Record shredding is a classic method used to transpose rows of potentially nested data into a flattened tree of buffers that can be written to the file. A similar technique, cascaded encoding, has recently emerged, that converts those arrays into a flattened tree of compressed buffers. In this article we explain and connect these ideas, but also explore the impacts of all this shredding on our goal of random access I/O, which leads to new approaches such as reverse shredding.
1. Parallelism without Row Groups
2. APIs and Fusion
3. Backpressure
4. Compression Transparency
5. Column Shredding (this article)
Record Shredding Overview
At the start of our journey we typically have some kind of row-based table, or perhaps it is a stream of events, or maybe a vector of objects. All of these are "row based" structures and they are extremely intuitive to work with and a natural representation of data. This is typically the format that data arrives at our database and the format that data emerges from our database.

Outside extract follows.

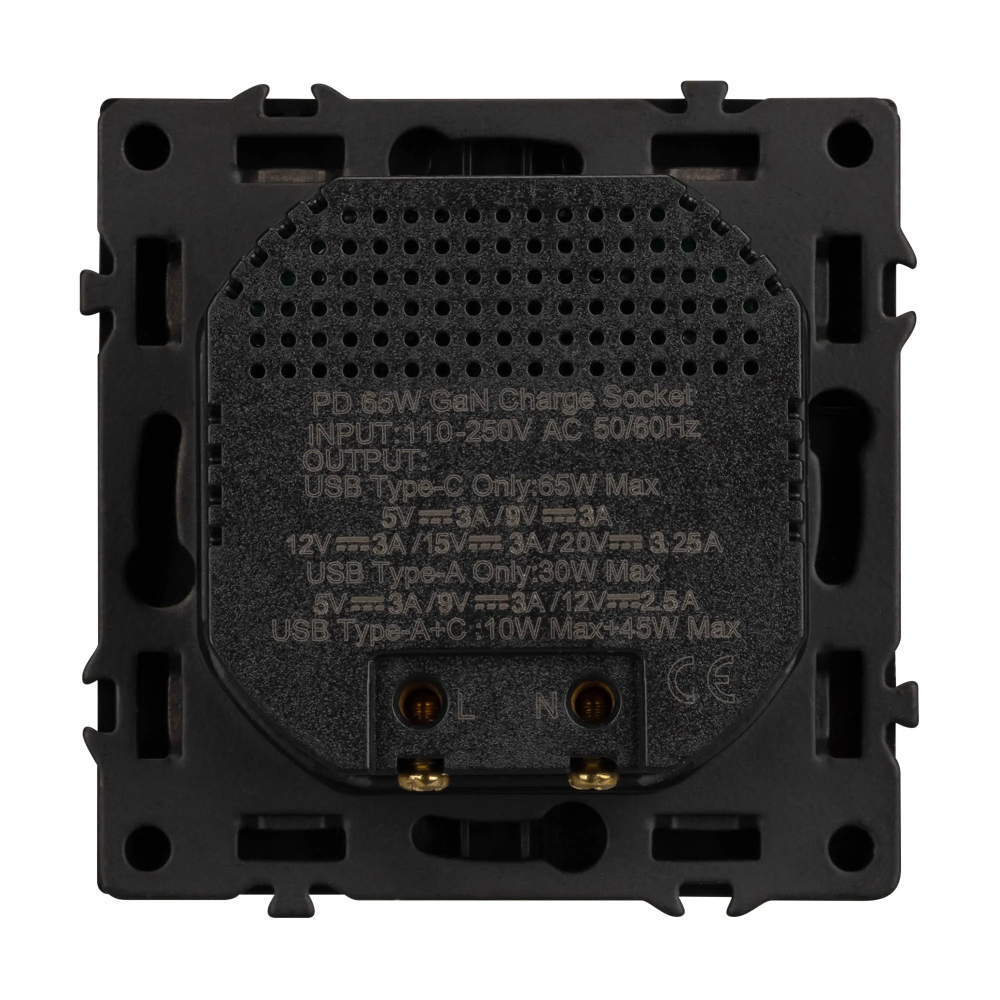 Механизм розетки с быстрой USB зарядкой на 2 порта. Цвет - черный, с Soft-Touch покрытием. Без фронтальной рамки. Уровень пылевлагозащиты IP20. Тип подключаемого разъема - USB Type A + Type C. Устанавливается в стандартный подрозетник круглого сечения диаметром 60мм.

Unfortunately, this format is not great for bulk processing or storage. There are a lot of specific reasons for this but the general idea is that we don't typically operate on all of our columns at once. Working with data we don't need has costs (I/O, cache, etc.) As a result, we need to transpose our data from a row-based structure to a column-based structure.

Level 1: Table -> Columns
The first level of transpose is the simplest one. We split the table into columns. If we're lucky to have simplistic data, like a 2D matrix, or a spreadsheet, then this basically completes our journey. However, realistic data is rarely so simple. In fact, you might not even think you have a table. Tables are 2D structures after all and our objects don't feel quite so flat and two dimensional.
My first deep dive into data analysis (an indeterminate number of years ago) dealt with results from a manufacturing test system. Each time a test ran it would generate a test result. The test result had some basic properties (date of test, id & version of device under test, id & version of test equipment, etc.) but also some nested properties. For example, there were various tests that would run and each would run 20 iterations at different test frequencies and we would measure a score for each input frequency.

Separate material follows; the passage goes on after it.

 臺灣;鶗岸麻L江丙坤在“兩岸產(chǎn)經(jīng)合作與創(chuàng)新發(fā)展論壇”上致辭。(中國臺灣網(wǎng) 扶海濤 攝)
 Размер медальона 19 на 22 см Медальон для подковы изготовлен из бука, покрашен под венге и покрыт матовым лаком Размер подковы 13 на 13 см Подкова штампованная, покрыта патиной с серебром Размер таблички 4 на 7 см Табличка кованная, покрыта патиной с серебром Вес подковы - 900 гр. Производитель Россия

The answer is, as usual, "it depends". One of the best studies of this problem is the R philosophy of tidy data. If you are struggling with these kinds of questions then I can't recommend that link enough.

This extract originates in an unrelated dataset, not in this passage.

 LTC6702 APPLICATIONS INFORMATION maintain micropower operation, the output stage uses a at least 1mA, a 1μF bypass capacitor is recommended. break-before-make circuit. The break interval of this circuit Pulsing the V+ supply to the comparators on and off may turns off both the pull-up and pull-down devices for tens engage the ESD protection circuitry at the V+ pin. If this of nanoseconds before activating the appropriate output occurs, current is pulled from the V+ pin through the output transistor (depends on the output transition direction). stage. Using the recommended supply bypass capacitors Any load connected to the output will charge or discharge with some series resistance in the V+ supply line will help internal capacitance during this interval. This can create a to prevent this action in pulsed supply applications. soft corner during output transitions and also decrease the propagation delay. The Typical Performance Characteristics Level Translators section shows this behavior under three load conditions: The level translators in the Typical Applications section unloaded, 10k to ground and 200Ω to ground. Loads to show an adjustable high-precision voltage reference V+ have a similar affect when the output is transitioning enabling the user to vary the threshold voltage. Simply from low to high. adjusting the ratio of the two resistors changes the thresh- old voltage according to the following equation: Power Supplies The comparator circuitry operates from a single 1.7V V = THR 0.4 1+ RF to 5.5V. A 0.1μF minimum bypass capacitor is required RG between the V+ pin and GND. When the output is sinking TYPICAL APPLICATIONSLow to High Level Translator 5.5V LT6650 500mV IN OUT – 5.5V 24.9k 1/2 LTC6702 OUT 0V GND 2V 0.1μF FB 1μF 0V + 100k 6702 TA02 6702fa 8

For now, let's pretend our test results are in YAML and we receive one row per YAML test result and that looks something like this:
timestamp: 514883700000
dut_sn: "D0N70P3ND34D1N51D3"
dut_version: "123.45"
bench_sn: "5H4K35H4K35H4K35H4K3"
tests:
rise_time:
- frequency: 10
value: 0.3
- frequency: 20
value: 0.5
- frequency: 30
value: 0.2
- frequency: 40
value: 0.45
settling_time:
- frequency: 10
value: 0.4
- frequency: 20
value: 0.6
- frequency: 30
value: 0.3
- frequency: 40
value: 0.55
This YAML document shows a single row of our data in a row-based representation
If we only apply a single level of transpose we get five columns, "timestamp", "dut_sn", "dut_version", "bench_sn", and "tests"
. This last column (tests
) is tricky. There are multiple columns inside of it and even a nested list of values. One classic strategy to deal with this problem (or, more accurately, not deal with it) is to just convert the "tests" column into a JSON object.

There are several issues with this strategy, but today we're focused on I/O. So let's ignore the JSON encode / decode cost. The main problem is that it still mixes unrelated data into our data of interest. For example, if we want to analyze our rise_time
experiments we still are going to suffer because those values are bunched together with settling_time
. Fortunately, we can do better.
Level 2: Column -> Array
Our first pass gave a rather simple transposition of our data. We are now working with columns and not rows. However, some of these columns are nested columns, and those are basically little rows. We can do better. We can shred.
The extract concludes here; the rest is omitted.